03/06/19 Another high-adventure waterfall hunting trip with Fireman Jeff today...(details below)

03/07/19 I'm toasty warm this morning! The alarm went off at 3am, and I snuck around in the cabin trying to make and sip a cup of java while peering out the window trying to figure out if the sky was clear and stars shining. It was, and they were, but no question there was haze from all the controlled burns yesterday so the sky was not as clear as could be. Oh well.

Fast forward and hour and I'm sitting in the van typing to you on the computer in my lap while two cameras set up shooting outside basically the same scene with different types and focal lengths of lenses. I'm hoping to capture a distant mountain range with star trails behind it. Temp is a balmy 27 degrees with no wind.

Yesterday I also got up at 3am and set up two cameras to record a different scene - star trails in one and the Milky Way on the other. Conditions were quite different. The temp was about 14 degrees with a howling wind, which meant wind chills were below zero again. And since I had hiked to the location and was working one of the cameras all the time (the other one was shooting automatically), my hands were exposed and so was I. Luckily I had my Alaska suit on and the only parts that got cold were my fingertips.

As the stars began to disappear with the coming of dawn, I packed up, headed back to the van, then sped off towards an early meetup with Fireman Jeff - we had another very long and difficult day planned waterfall hunting.

But first I had quite a shock as I motored up through the steep switchbacks on Hwy. 7 south climbing out of Jasper. As I came around one of the sharp turns, I swear I saw a BODY laying next to the road - no part of it actually ON the road. WHAT???!!! I swerved at the last minute and tried to re-scan the image I had just seen in my brain. Was I seeing things? Was there body on the road? Should I call 911???

I quickly turned around and headed carefully back down the highway to the curve and sure enough, there WAS a body laying down half in the fetal position but stretched out with its head on something - the head was across the white line and onto the black pavement of the highway. I stopped about 50 feet away from the lifeless body, then laid on the horn. THANK GOODNESS the body came to life and jumped straight up on its (his?) feet. Then he started moving towards me and waving a bright light. I don't know and will never know if he was drunk and collapsed on the road, or was hitchhiking and got tired and simply laid own on the pavement and went to sleep or what. All I knew was that it was indeed alive, moving just fine, and had a light, so I got the heck out of there. The highway was about to get busy with morning traffic and certainly someone would have hit and killed this guy had I not blew him awake. Very weird.....

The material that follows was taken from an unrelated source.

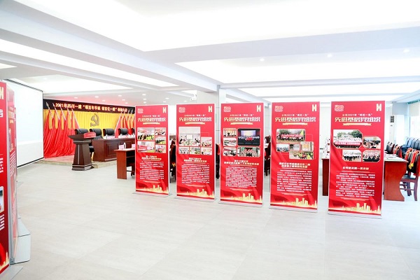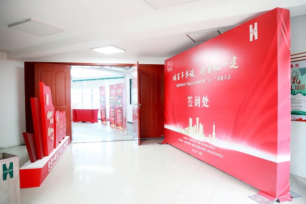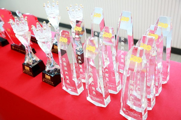公司大(dà)院內(nèi),鮮紅的道(dào)旗整齊排列,蘊含對黨百年祝福标語懸挂在公司大(dà)樓外側。會(huì)場(chǎng)內(nèi),帷幕正中是熠熠生(shēng)輝的中國共産黨黨徽,一排排“兩優一先”形象展示整齊排列,為(wèi)獲獎者特制(zhì)的獎杯在陽光下格外閃耀,全場(chǎng)氣氛莊重而熱烈。

Fireman Jeff and I spent another textbook classic day in the woods bushwhacking, climbing, crawling, through some of the most difficult terrain I'd ever seen. We knew water levels were low since we've nod had much rain recently, but I mostly just wanted to locate several tall waterfalls, measure them, and figure out the best route to access them to include in the next Arkansas Waterfalls guidebook. We found all of them we were after, and a LOT more. And not only more waterfalls, but more incredible and amazing locations - oh my goodness some of these places were simply beautiful.

And while the afternoon temps reached in to the 40's and maybe 50's, there was still ice - hanging from the bluffs (and FALLING almost constantly), icicles in the shaded places that reflected in and danced around the streams, and also thin layers of ice covering already slick rocks in many shaded places. It was one of those days that fools ya - warm and sunny but dangerously SLICK in some spots so we had to be very careful with each and every step.

Here's one note from a narrow side canyon we were exploring. When we dropped down into this little canyon it was like entering another world - a fairyland world of moss-covered everything, icicles, tiny emerald pools, small waterfalls and swirling water. Poor Jeff - each time we would come upon a new area in the canyon I would drop my camera backpack and get out my little movie camera and go to work (trying to get some video to add to the new slide program show for this fall program season). There was so much MAGIC in the details of this little world! At one point I was very interested in several icicles on a low-hanging overhang, maybe only two or three feet above the water. The more I shot with the little camera, the closer and closer I got - and deeper into the emerald pool. (inches deep, not feet). And eventually I turned to Jeff and said not to worry, but that I was going to crouch down (into the water) and go underneath the low overhang. There was not quite enough room back in there for me to turn around, and I ended up kind of half of me in the water, the other half above water, with my arms stretched out and the little camera down just above the surface of the water behind the hanging ice, which had the little stream swirling beneath and behind it, and crystalline water drops falling - or almost falling from a couple of the icicles.

And then we found a pretty nice waterfall downstream, but it was very difficult to get to the bottom of (we eventually did). Then there was an even larger waterfall below that, and my friend Fireman Jeff spent the next 30 minutes totally involved with this dramatic waterfall that had multiple overhangs and grottos surrounding it (I was shooting pictures and videos as fast as I could - it was an amazing little place!).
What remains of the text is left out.